Getting started - run the JUnit test

Use the JUnit test to check if everything is fine your check-out.

  • Find test cases in the org.gumtree.data.test plugins. Run the following JUnit test cases:
    TestWriteToRoot.java (read and write hdf files into GDM objects)
    TestReadNexusFile.java (read nexus files)
    TestCopyNexusFile.java (write nexus files)
  • In Eclipse environment, you can run the JUnit test cases in two mode:
    Run as JUnit test. In the run configuration, add VM arguments: -Djava.library.path=${workspace_loc}/ncsa.hdf. You also need to include log4j logging library in your Classpath.
    Run as JUnit plug-in test. Please set run mode in headless mode.
  • There are example NeXus files in the org.gumtree.data.test/storage folder for testing purpose. There are also common HDF files which are generated by the test cases.

The architecture

This section tells you about project architecture and dependencies.

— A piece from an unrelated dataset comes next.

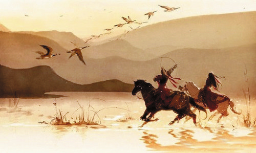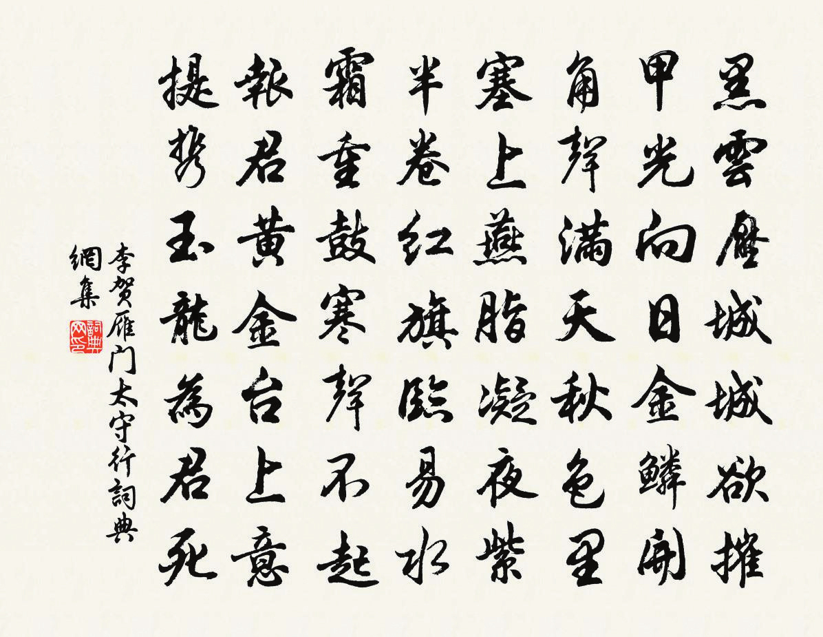 從詩(shī)仙手中接過筆的是“詩(shī)鬼”。李賀豪情萬(wàn)丈,大筆一揮,筆走龍蛇,一幅巨作石破天驚,橫空出世。之所以說是一幅巨作,是因?yàn)槔钯R筆下的這首詩(shī)的確太像一幅畫了:“黑云壓城城欲摧,甲光向日金鱗開。角聲滿天秋色里,塞上燕脂凝夜紫。半卷紅旗臨易水,霜重鼓寒聲不起。報(bào)君黃金臺(tái)上意,提攜玉龍為君死。”

  • Packaging: The GDM project is packed in Eclipse plug-ins.
    org.gumtree.data.core plugin:
    org.gumtree.data – The GDM interface package. All the classes for the tree structure used in the GDM model are implementing the interfaces in this package.
    org.gumtree.data.exception – Exceptions.
    org.gumtree.data.io – IWriter interface which performs exporting. A default implementation in HDF file exporting is included.
    org.gumtree.data.math – The meths library for GDM arrays.
    org.gumtree.data.netcdf – The default (Netcdf) implementations of the GDM interfaces.
    org.gumtree.data.utils – The utilities for GDM model.
    org.gumtree.data.nexus plugin:
    org.gumtree.data.nexus – The interfaces for NeXus file format.
    org.gumtree.data.nexus.netcdf – The default (Netcdf) implementations of the NeXus interface.
    org.gumtree.data.nexus.utils – The utilities class for NeXus file format.
  • Package dependency diagram
    The design of the GDM project is to allow different implementations for the model. The default implementation which uses Netcdf library is included in the plugin. All the utility logics, such as i/o, fitting, and maths are going to be decoupled from the default implementations, so that they can be valid for other implementations.
    The NeXus model project is in a separate plugin for options. The way a NeXus file is mapped into the model is only for ANSTO usage at this moment. It is open for discussion that whether we should provide a more generic model.

The design of the model

The GDM is sourced from the unidata common data model (CDM).

  • The class diagram of the Gumtree data model (GDM) is show in the below picture.
    • The concrete types: When a physical data set is loaded into the java virtual machine, Gumtree data model can map them into four types of objects, Dataset, Group, DataItem or Attribute. We call them concrete types.
      Dataset – is mapped to a physical data file or memory section.
      Group – is a logical collection of other groups and data items.
      DataItem – is a logical container of data.
      Attribute – is the metadata of groups and data items.
      Array – is an abstract of array data in different types, ranks and shapes.
      Object – is the abstraction of Group and DataItem.
    • The functional type: The rest of the types are used for performing certain functions.
      Dictionary – is used to map an x-path to key name when looking for a sub-group or data item.
      Dimension – is used to associate data items that share similar dimension information.
      Index – is used to locate a unit value in an array of data.
      ArrayIterator – is used to iterate through an array of data.
      SliceIterator – is used to iterate through the slices of an array.
      Range – is used to describe a section of an array.

       

  • The original data model used in the default implementation is show as below. When it is mapped to the above interfaces used in GDM, extended classes are used for implementing the Dataset, Group and DataItem. Array type is simplified and wrapped in the default implementation. More information about the CDM model is available at http://www.unidata.ucar.edu/software/netcdf-java/CDM/ .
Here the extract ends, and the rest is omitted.